● **DATA RECORDS**:
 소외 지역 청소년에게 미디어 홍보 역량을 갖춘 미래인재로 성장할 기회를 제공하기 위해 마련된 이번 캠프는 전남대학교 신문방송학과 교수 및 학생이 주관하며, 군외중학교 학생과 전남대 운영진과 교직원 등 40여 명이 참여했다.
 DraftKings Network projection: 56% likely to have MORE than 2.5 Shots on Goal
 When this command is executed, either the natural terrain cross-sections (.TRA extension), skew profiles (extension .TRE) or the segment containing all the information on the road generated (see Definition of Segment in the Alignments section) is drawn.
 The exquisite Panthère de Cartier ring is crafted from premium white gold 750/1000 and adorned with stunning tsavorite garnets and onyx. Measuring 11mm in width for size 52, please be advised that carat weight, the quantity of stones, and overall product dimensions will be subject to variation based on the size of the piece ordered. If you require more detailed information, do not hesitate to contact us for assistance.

---

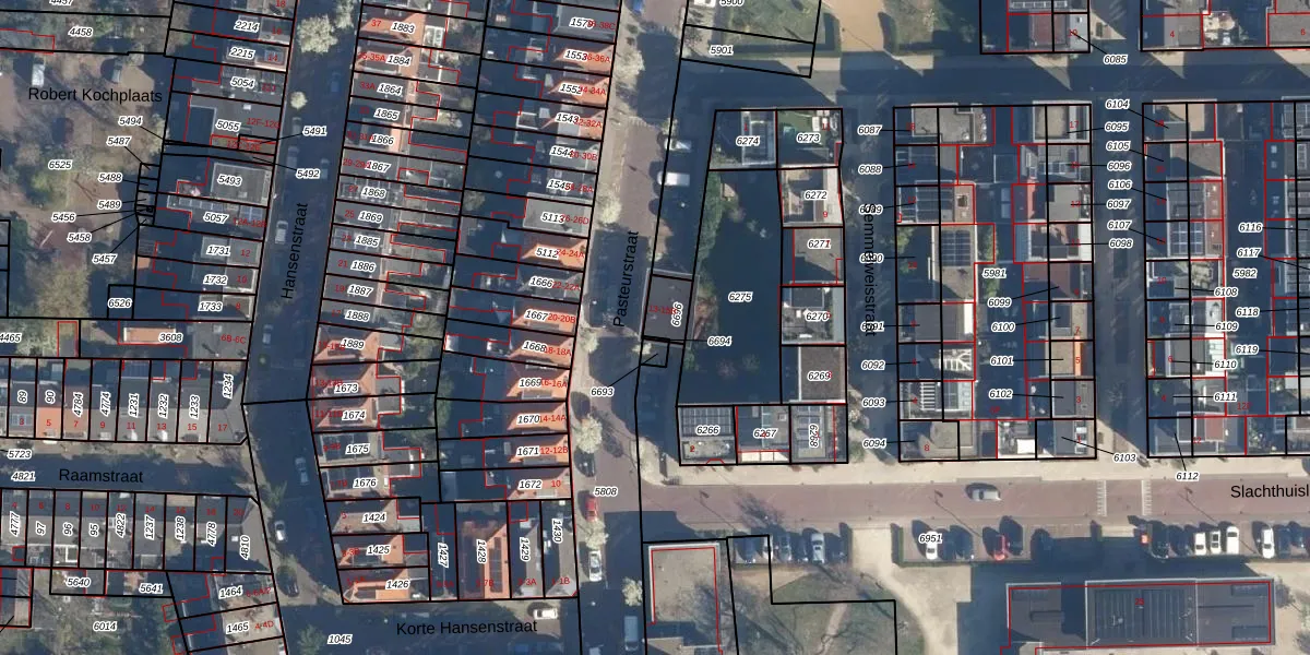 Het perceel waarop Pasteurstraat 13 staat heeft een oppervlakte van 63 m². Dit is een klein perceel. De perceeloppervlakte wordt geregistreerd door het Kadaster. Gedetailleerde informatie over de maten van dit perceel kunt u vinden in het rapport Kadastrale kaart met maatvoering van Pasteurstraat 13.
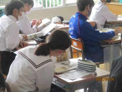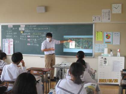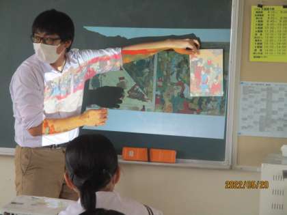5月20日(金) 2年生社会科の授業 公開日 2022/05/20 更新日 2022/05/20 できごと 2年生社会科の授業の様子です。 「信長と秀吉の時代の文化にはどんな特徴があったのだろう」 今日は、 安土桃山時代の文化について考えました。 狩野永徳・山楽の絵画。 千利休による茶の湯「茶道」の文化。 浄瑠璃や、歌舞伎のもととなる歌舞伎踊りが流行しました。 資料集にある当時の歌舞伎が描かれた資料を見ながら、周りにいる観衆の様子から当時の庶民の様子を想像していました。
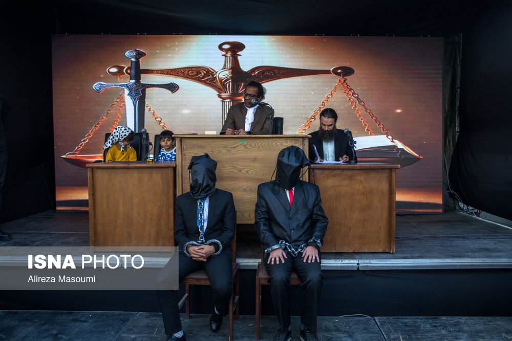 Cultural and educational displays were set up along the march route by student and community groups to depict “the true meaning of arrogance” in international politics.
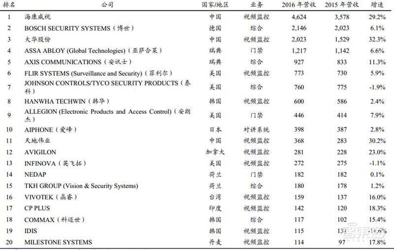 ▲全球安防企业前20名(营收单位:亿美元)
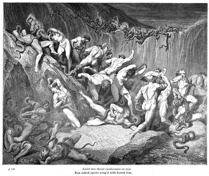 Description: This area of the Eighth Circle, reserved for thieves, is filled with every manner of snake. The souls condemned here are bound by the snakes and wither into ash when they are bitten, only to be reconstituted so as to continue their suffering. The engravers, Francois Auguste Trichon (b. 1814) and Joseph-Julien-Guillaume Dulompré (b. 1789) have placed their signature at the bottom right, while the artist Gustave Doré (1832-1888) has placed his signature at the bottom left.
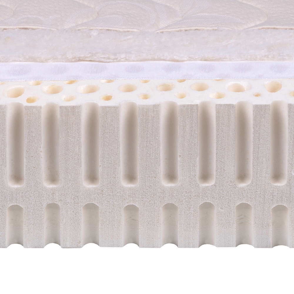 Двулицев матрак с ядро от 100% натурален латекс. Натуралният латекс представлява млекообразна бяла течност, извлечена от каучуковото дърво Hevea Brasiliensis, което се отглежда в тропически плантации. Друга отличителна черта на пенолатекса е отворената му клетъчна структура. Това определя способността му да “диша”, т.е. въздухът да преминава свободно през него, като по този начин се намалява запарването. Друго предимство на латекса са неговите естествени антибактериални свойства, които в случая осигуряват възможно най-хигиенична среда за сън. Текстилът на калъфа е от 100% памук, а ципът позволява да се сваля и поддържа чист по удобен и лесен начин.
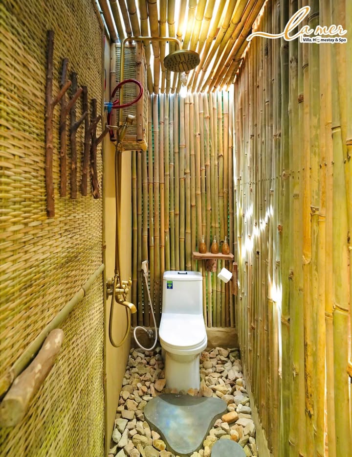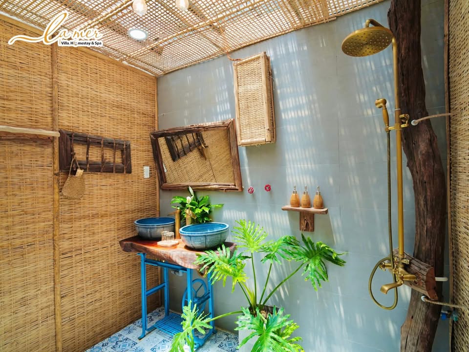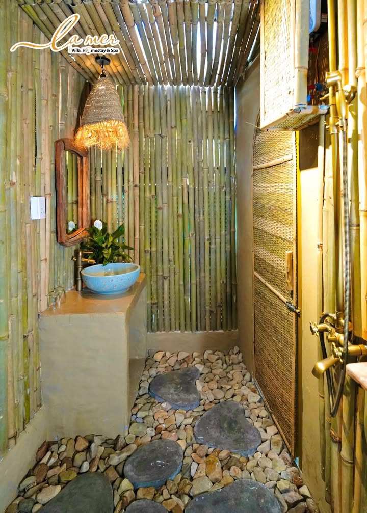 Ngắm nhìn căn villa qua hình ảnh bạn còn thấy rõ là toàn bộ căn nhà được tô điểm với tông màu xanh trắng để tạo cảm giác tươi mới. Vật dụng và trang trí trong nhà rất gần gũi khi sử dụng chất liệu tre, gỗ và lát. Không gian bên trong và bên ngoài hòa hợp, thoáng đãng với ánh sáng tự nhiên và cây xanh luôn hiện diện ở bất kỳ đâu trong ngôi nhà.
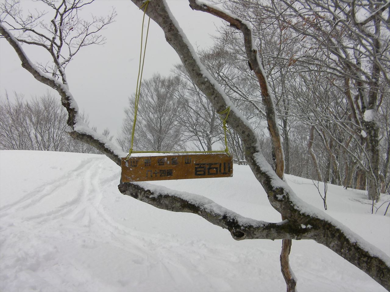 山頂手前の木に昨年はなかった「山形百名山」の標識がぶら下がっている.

● **ACTION ITEM**:
Print again the lines of the entries above that fall between the line holding "소외 지역 청소년에게" and the line holding "When this command", inclusive, exactly as they stand.

● **ANSWER SPACE**:
 소외 지역 청소년에게 미디어 홍보 역량을 갖춘 미래인재로 성장할 기회를 제공하기 위해 마련된 이번 캠프는 전남대학교 신문방송학과 교수 및 학생이 주관하며, 군외중학교 학생과 전남대 운영진과 교직원 등 40여 명이 참여했다.
 DraftKings Network projection: 56% likely to have MORE than 2.5 Shots on Goal
 When this command is executed, either the natural terrain cross-sections (.TRA extension), skew profiles (extension .TRE) or the segment containing all the information on the road generated (see Definition of Segment in the Alignments section) is drawn.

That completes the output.